The present invention relates to an auxiliary machinery controlling device and a supercharging device for, for example, supercharging an internal combustion engine to increase the output level thereof, and more particularly, to a supercharging device comprising auxiliary machinery, for example, a mechanical type supercharger, of which the rotational frequency is regulated by a belt-type continuously variable transmission which uses the centrifugal force of a flyweight provided therein.

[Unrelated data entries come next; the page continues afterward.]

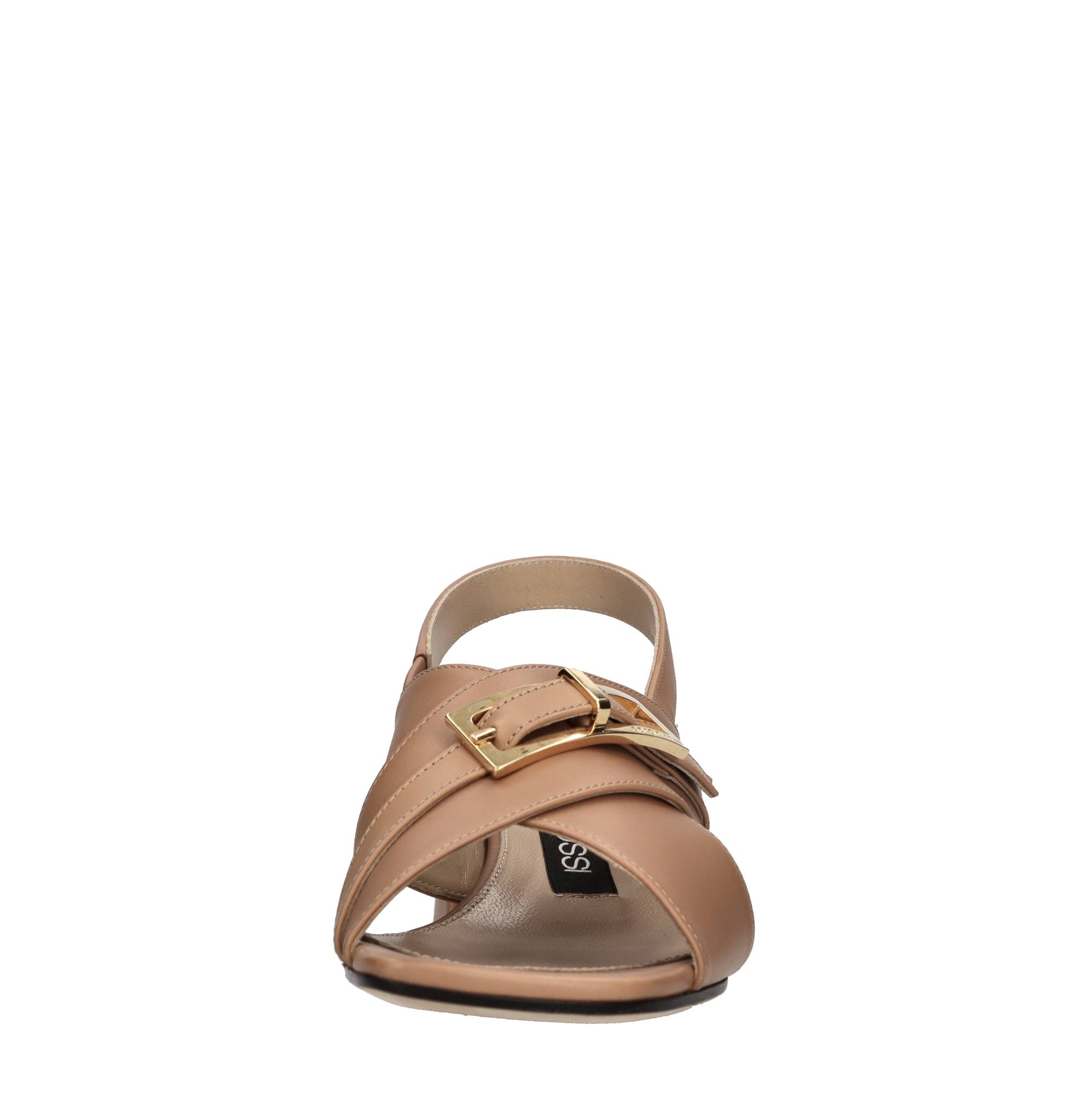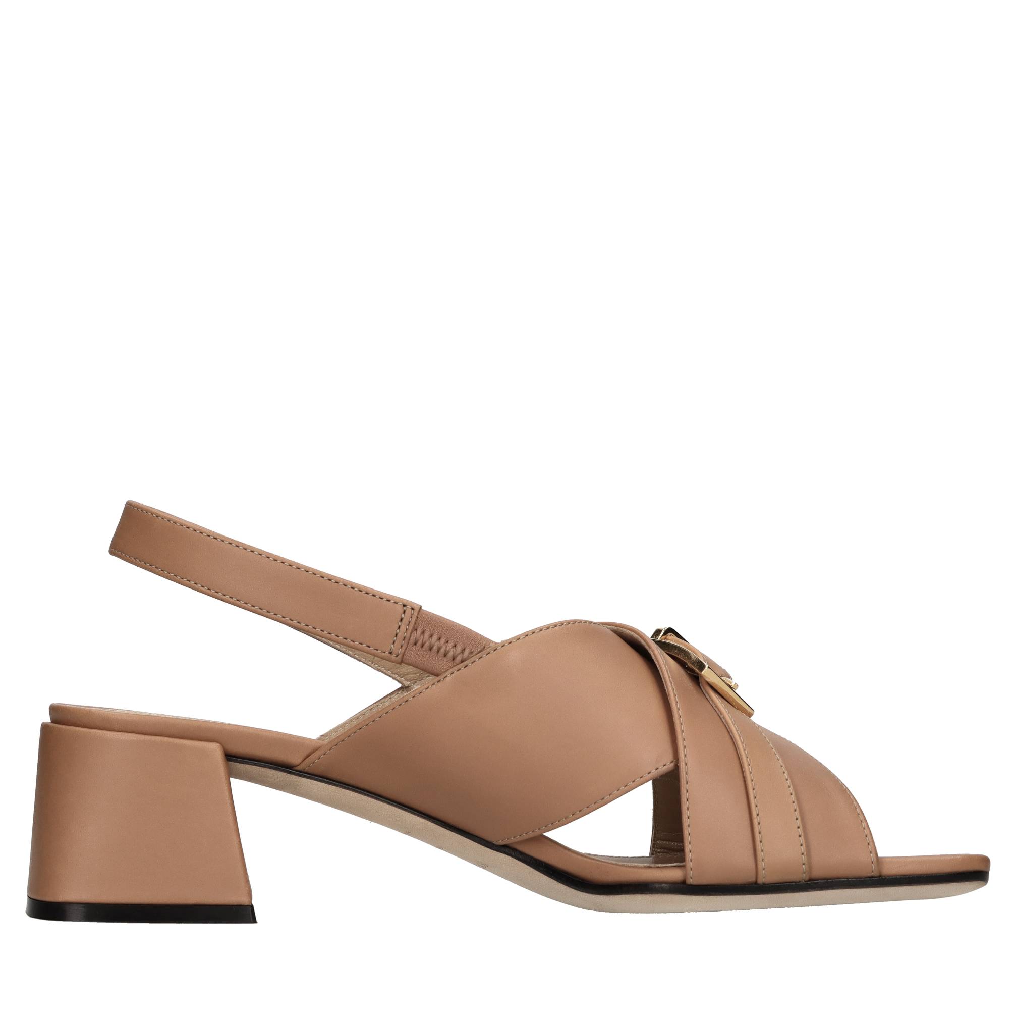 Lederen sandalen. Decoratieve gouden kleur gesp. Buitenzool in leer. Logated lederen bovenkant.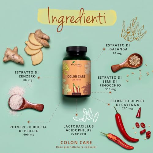 COLON CARE | 120 capsule | 100% Naturale con Psillio, Zenzero, Finocchio e Fermenti Lattici | Prodotto in Germania | Vegan e Senza Additivi | Vegavero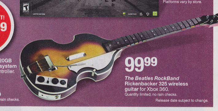 Someone didn’t do their homework, unless… Unless this Rock Band controller is cosplaying a Rickenbacker cosplaying a Hofner violin guitar. Now, it makes total non-sense !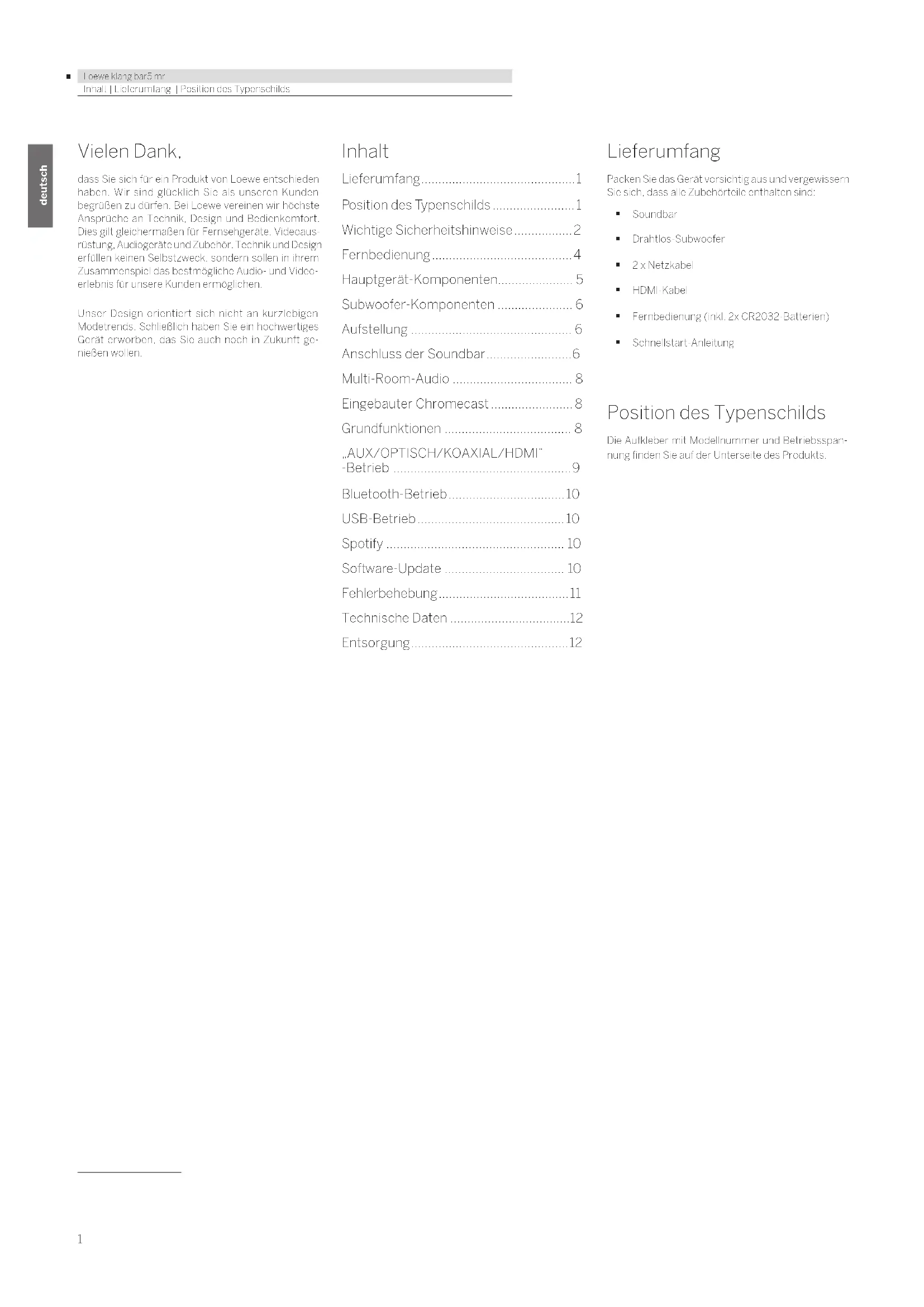 - Loewe klang bar5 mr deutsch deutsch Inhalt | Lieferumfang | Position des Typenschilds Vielen Dank, dass Sie sich für ein Produkt von Loewe entschieden haben. Wir sind glücklich Sie als unseren Kunden begrüßen zu dürfen. Bei Loewe vereinen wir höchste Ansprüche an Technik, Design und Bedienkomfort. Dies gilt gleichermaßen für Fernsehgeräte, Videoaus- rüstung, Audiogeräte und Zubehör. Technik und Design erfüllen keinen Selbstzweck, sondern sollen in ihrem Zusammenspiel das bestmögliche Audio- und Video- erlebnis für unsere Kunden ermöglichen. Unser Design orientiert sich nicht an kurzlebigen Modetrends. Schließlich haben Sie ein hochwertiges Gerät erworben, das Sie auch noch in Zukunft ge- nießen wollen. Inhalt Lieferumfang p. 1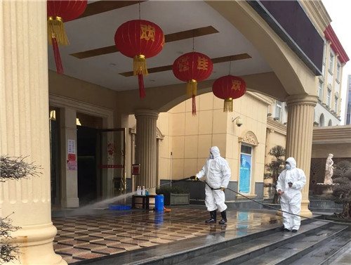 广信国际大酒店在门口专设体温监测处,在各层楼配备免洗消毒液、洗手液,供医护人员使用,并对公共区域进行定时、全面、彻底消毒,竭尽全力为援汉医护团队提供及时、周到的后勤服务。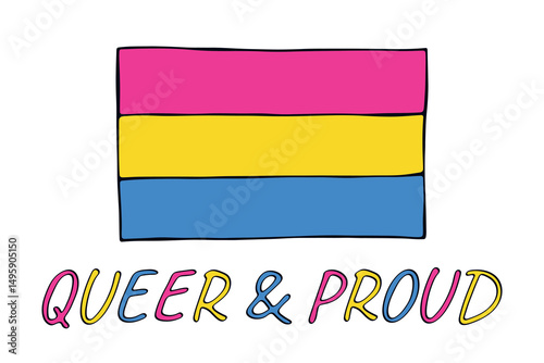© Daria Shane, Obraz premium Colorful Pansexual pride flag Happy pride day LGBTQ community Pride Month Vector hand drawn doodle for posters, stickers, logo, cards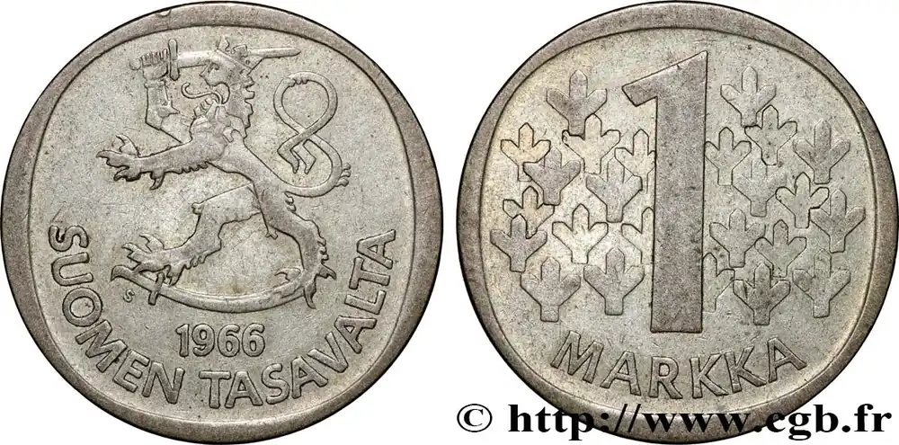 Type : 1 MarkkaDate : 1965Quantité frappée : 15107000Métal : argentTitre en millième : 340 ‰Diamètre : 24 mmAxe des coins : 12 h.Poids : 6,40 g.Tranche : inscrite en creux SUOMI FINLAND *** SUOMI FINLAND ***Référence ouvrage :KM20/49 AversTitulature avers : S // 1965 // SUOMEN TASAVALTA.Description avers : lion couronné brandissant une épée les pattes posées sur un sabre.ReversTitulature revers : 1 // MARKKA.Description revers : dans le champ, branche de conifères.HistoriqueFINLANDE

A conventional mechanical-type supercharger whose rotational frequency is controlled by a belt-type continuously variable transmission (often abbreviated to CVT) which uses the centrifugal force of a flyweight provided therein has been disclosed in International Publication No. W089/02521 (i.e., the official announcement Hei 3-500564 (1991) in Japan). In this supercharger, a runner shaft with a runner is rotatably supported inside a housing. In order to supercharge the internal combustion engine, the runner shaft is driven by a secondary pulley device (a driven pulley device) of the continuously variable transmission, which is driven by the internal combustion engine through an electromagnetic clutch and a speed increasing gear device.
Although the above-identified application does not disclose a primary pulley (a drive pulley) of a continuously variable transmission, a primary pulley as well as a secondary pulley in a continuously variable transmission is disclosed in Japanese Utility Model Application Laid Open (Prepublication) No. 1-69400 (1989). In this transmission, the drive pulley and the driven pulley each comprise a mutually opposed fixed flange (disk) and a movable flange. The fixed flanges of the drive pulley and the driven pulley are arranged on relative opposite sides. The movable flanges serve to vary the widths of V-shaped grooves of the drive pulley and the driven pulley. A flyweight for generating a centrifugal force is provided in at least one of the drive pulley and the driven pulley. Also, a spring for exerting a return force against the centrifugal force is provided in at least one of the drive pulley and the driven pulley.
In the above-described supercharger and CVT, even when the engine speed varies, if the engine speed is within a predetermined range, the rotational frequency of the supercharger can be controlled by the continuously-variable transmission so as to be maintained substantially constant. Moreover, only under a heavy load condition which requires the supercharger to be operated, the supercharger is operated while receiving power transmitted through an electromagnetic clutch to improve engine performance (i.e., driving ability). Namely, once the engine speed reaches a certain level, for example, a point "c" in FIG. 1, the conventional mechanical type supercharger with a centrifugal weight-type CVT is controlled so that the rotational frequency of the supercharger is maintained at a predetermined constant level, regardless of the load on the internal combustion engine. Specifically, when the rotational frequencies of the drive and driven pulleys increase beyond the point "c", the pitch radius of the driven pulley becomes large in response to the centrifugal force of the flyweight followed by a decrease of the pitch radius of the drive pulley, thereby resulting in a speed reducing mode. While reaching the speed reducing mode, however, the continuously variable transmission tries to achieve a speed increasing mode to counteract the above-described condition. In this manner, even though the rotational frequency of the drive pulley varies, the rotational frequency of the driven pulley is maintained substantially constant while proceeding along a line segment "d" in FIG. 1.
As a result, even under the partial load conditions or relatively light load conditions which require no supercharging, the rotational frequency of the supercharger reaches the predetermined constant level, that is, a high rotational frequency level, thereby causing inefficient fuel consumption.
Further, although the electromagnetic clutch is employed to cut off the power transmitted to the supercharger under partial load conditions, driving ability is unfavorably affected by the on/off operation of the electromagnetic clutch in response to the variation in the load, thereby causing poor driving conditions. Consequently, the cutoff range has to be narrow, thereby resulting in poor fuel consumption.
In order to resolve the above-mentioned problems, the employment of an actuator may be considered for controlling the return force of the spring. However, if the actuator is simply arranged, It may be difficult to arrange a standard type of supercharger with CVT which does not include an actuator.